Unitarian minister and co-founder of the NAACP and the ACLU

John Haynes Holmes (November 29, 1879 - April 3, 1964) was an American Unitarian minister, pacifist, and co-founder of the NAACP and the ACLU. He is noted for his anti-war activism.

==Early life==
Holmes was born in Philadelphia on November 29, 1879, a descendant of John Holmes of Colchester, Essex. That John Holmes was a Messenger of the General Court of Plymouth Colony and the executioner of Thomas Granger. Newland H. Holmes, President of the Massachusetts Senate, was his cousin.

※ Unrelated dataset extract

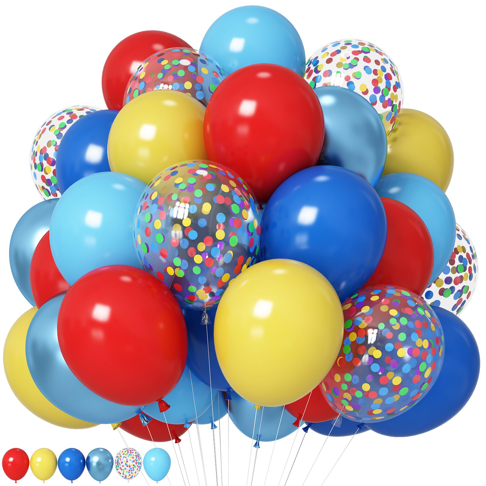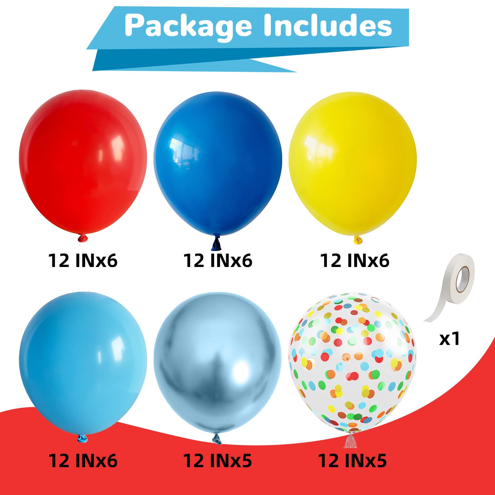 Circus Balloons: Includes red balloons (12 inch; 6 pcs ); dark blue helium balloon (12 in; 6 pcs ); yellow balloons (12 in; 6 pcs ); pastel blue balloons (12 in; 6 pcs ); blue metallic balloons (12 in; 5 pcs ); color confetti balloon(12 in; 5 pcs ) and a roll white ribbon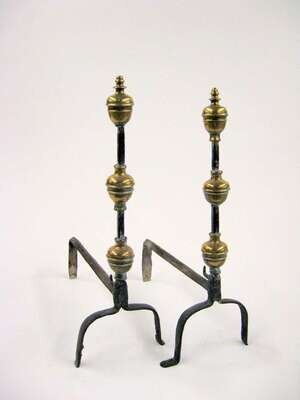 Pair of English iron and brass andirons 18th/19th century

He attended public schools of Malden, a suburb of Boston, and studied at Harvard, graduating in 1902, then attended Harvard Divinity School, from which he graduated in 1904 and was immediately called to his first church in Dorchester, Massachusetts as a Protestant clergyman.

==Career==
In 1907 Holmes was called to the Church of the Messiah (Unitarian) in New York City and served as its Senior Minister until 1918, when he left the American Unitarian Association (AUA) because of the AUA's policy requiring Unitarian ministers to pledge their support for the United States participation in World War I. Among those in his congregation there was not universal support for his stand against the USA participation in World War I, but his church did support his principled stand on the subject. Consequently, his church became non-denominational and renamed itself the Community Church of New York. Members of the church, however, insisted that the church retain its AUA membership. Holmes was named Senior Minister of the new church, and served until his retirement in 1949, when he became Minister Emeritus. He rejoined the AUA in 1960, just before the Unitarian and Universalist churches merged; newly accepted again into AUA fellowship, he was then featured in the last AUA yearbook published before the merger.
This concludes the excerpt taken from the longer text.